### DIRECTIONS FOR THIS TASK
Starting at the line with "Relaxed fit blouse" and ending at the line with "background, then using", print exactly the lines of the entries below. Pictures do not belong in the copy.

### RECORD SET

•••

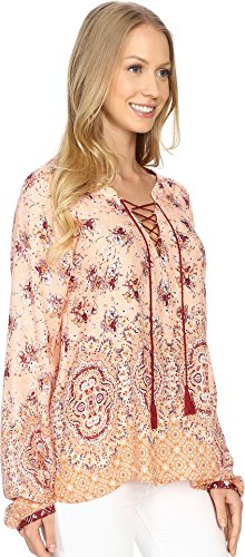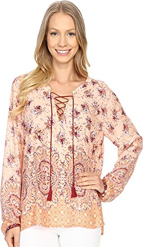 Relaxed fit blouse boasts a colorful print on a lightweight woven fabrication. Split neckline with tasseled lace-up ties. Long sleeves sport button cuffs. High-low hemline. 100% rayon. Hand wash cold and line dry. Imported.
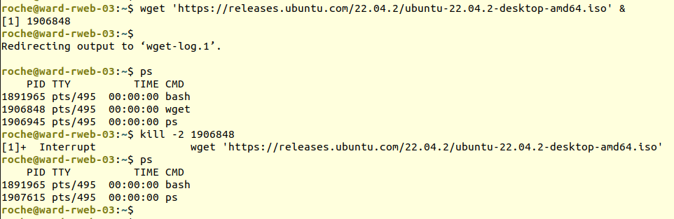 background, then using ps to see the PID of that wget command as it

•••

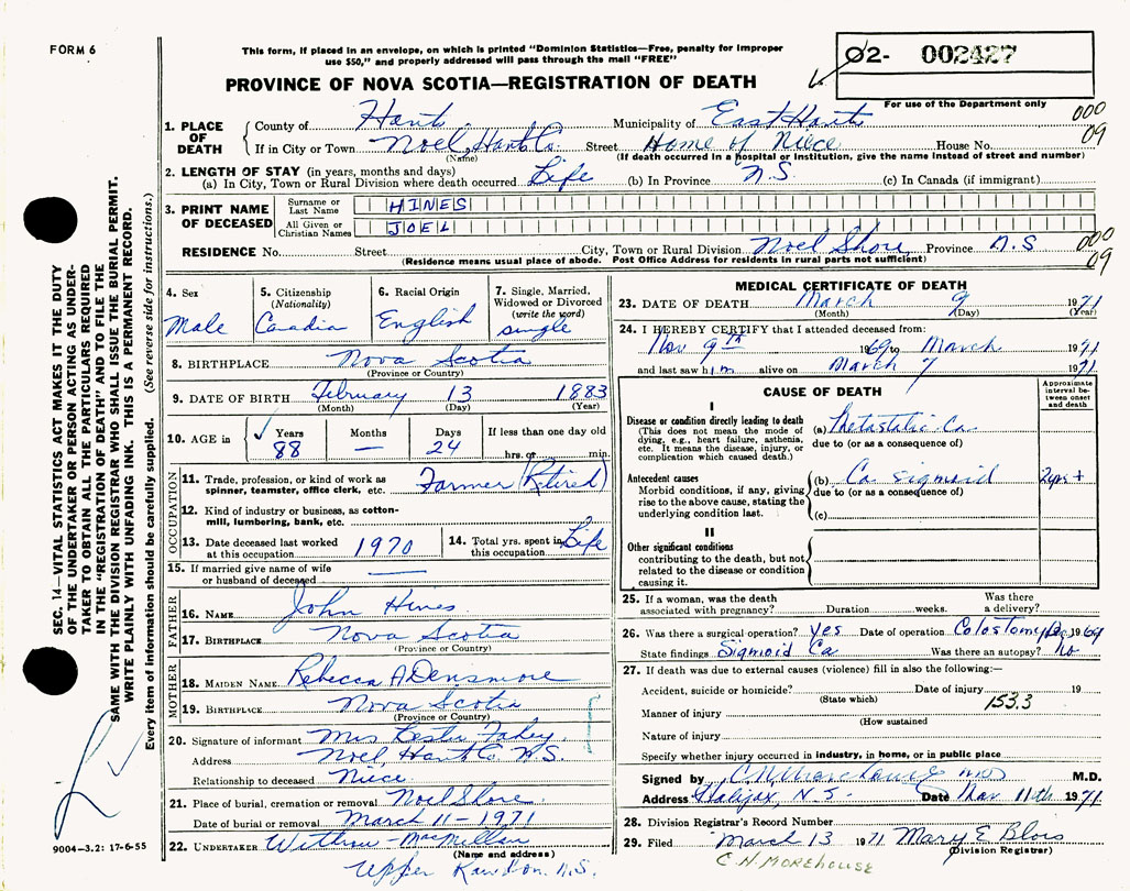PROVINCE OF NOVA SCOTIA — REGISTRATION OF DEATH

•••

### ANSWER SECTION
 Relaxed fit blouse boasts a colorful print on a lightweight woven fabrication. Split neckline with tasseled lace-up ties. Long sleeves sport button cuffs. High-low hemline. 100% rayon. Hand wash cold and line dry. Imported.
 background, then using ps to see the PID of that wget command as it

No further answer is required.